Most women with breast cancer have some type of surgery as part of their treatment. There are different types of breast surgery. Your doctor may recommend an appropriate operation based on the size and stage of your cancer, your other treatment options, and your goals and preferences.
Breast cancer surgery includes different procedures, such as:
- Surgery to remove the entire breast (mastectomy)
- Surgery to remove a portion of the breast tissue (lumpectomy)
- Surgery to remove nearby lymph nodes
- Surgery to reconstruct a breast after mastectomy
Surgery to Remove Breast Cancer
There are two main types of surgery to remove breast cancer:
- Breast Conserving Surgery (also called a lumpectomy, wide local excision) is a surgery in which only the part of the breast containing the cancer is removed. The goal is to remove the cancer as well as some surrounding normal tissue. How much breast is removed depends on where and how big the tumour is, as well as other factors.
- Mastectomy is a surgery in which the entire breast is removed, including all of the breast tissue and sometimes other nearby tissues. There are several different types of mastectomies. Some women may also get a double mastectomy, in which both breasts are removed.
Breast Conserving Surgery for Breast Cancer
For many years, mastectomy or removal of the whole breast was deemed as necessary in order to cure breast cancer.
However, we now have over 40 years of strong supporting evidence that a lumpectomy, i.e. removing the tumour together with a margin of healthy breast tissue, is at least as effective as a mastectomy. Women with early-stage cancers can choose between breast conserving surgery (BCS) and mastectomy.
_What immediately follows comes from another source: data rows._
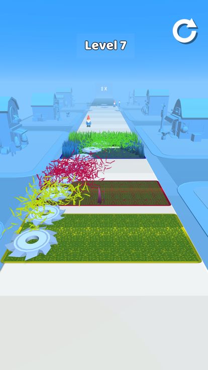 Collect discs and cut the grass. Be careful not to crash into obstacles and break discs.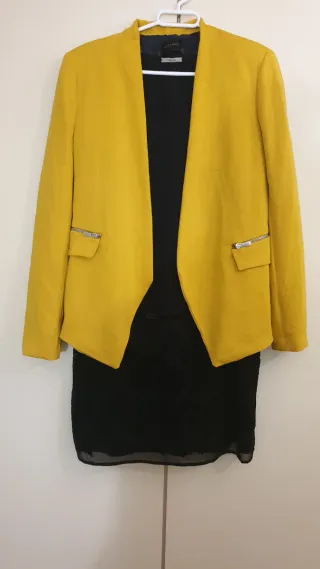 Blazer zara y Vestido intimissimi Negro Amarillo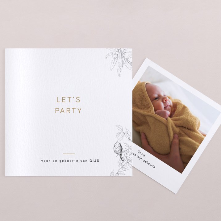 De polaroid gaat in de binnenkant van de kaart en kan daarna ergens apart worden tentoongesteld als herinnering aan de geboorte!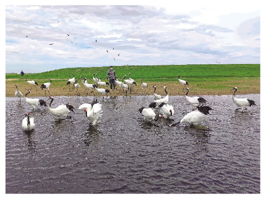 经过40多年的实践,扎龙湿地逐渐摸索采用“放飞逃逸”和“半散养”方式开展丹顶鹤野化工作。目前,扎龙湿地已成功监测野化丹顶鹤迁徙数据20条,年野化数量10余只,累计有350余只散养鹤后代补充到野生丹顶鹤种群中。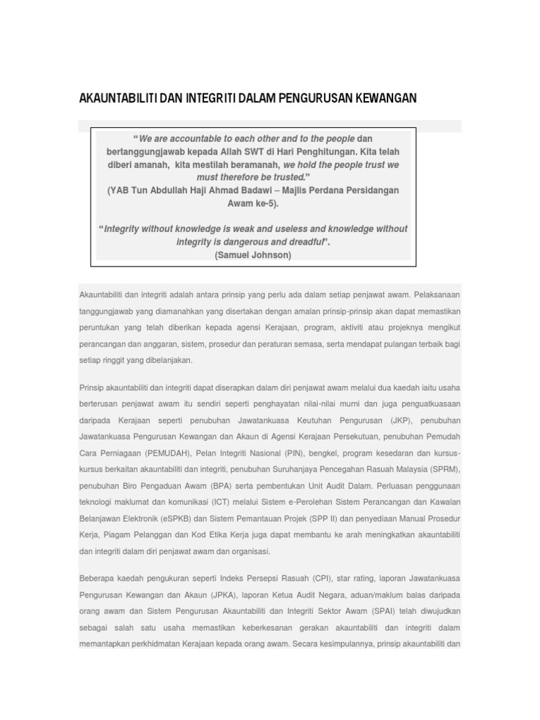 Akauntabiliti Dan Integriti Dalam Pengurusan Kewangan Pdf

The advantages of BCS are:
- aims to keep most of the breast tissue
- is less of a change to your body than mastectomy
- has a recovery time of a few weeks
Surgery to Remove Nearby Lymph Nodes
Cancer surgery involves not only the complete removing of the tumour, but also removal of the surrounding lymph nodes. This is because cancer can spread via the lymphatic system to these lymph nodes. The two main types of surgery to remove lymph nodes are:
- Sentinel lymph node biopsy (SLNB) is a procedure in which the surgeon removes only the lymph node(s) under the arm where the cancer would likely spread first. Removing only one or a few lymph nodes lowers the risk of side effects from the surgery, such as arm swelling that is also known as lymphedema.
- Axillary clearance is a procedure in which the surgeon removes many (usually less than 20) underarm lymph nodes. Axillary clearance is needed because the lymph nodes are found to have cancer cells. Side effects from the surgery include shoulder stiffness, swelling of the arm (lymphoedema), numbness of the inner part of the upper arm.
Surgery to Reconstruct a Breast after Mastectomy
Many women having surgery for breast cancer might have the option of breast reconstruction. A woman having a mastectomy might want to consider having the breast mound rebuilt to restore the breast’s appearance after surgery. In some breast-conserving surgeries, a woman may consider having fat grafted into the affected breast to correct any dimples left from the surgery. The options will depend on each woman’s situation.
There are several types of reconstructive surgery, but your options may depend on your medical situation and personal preferences. You may have a choice between having breast reconstruction at the same time as the breast cancer surgery (immediate reconstruction) or at a later time (delayed reconstruction).
If you are thinking about having reconstructive surgery, it’s a good idea to discuss it with your breast surgeon and a plastic surgeon before your mastectomy or BCS. This gives the surgical team time to plan out the treatment options that might be best for you.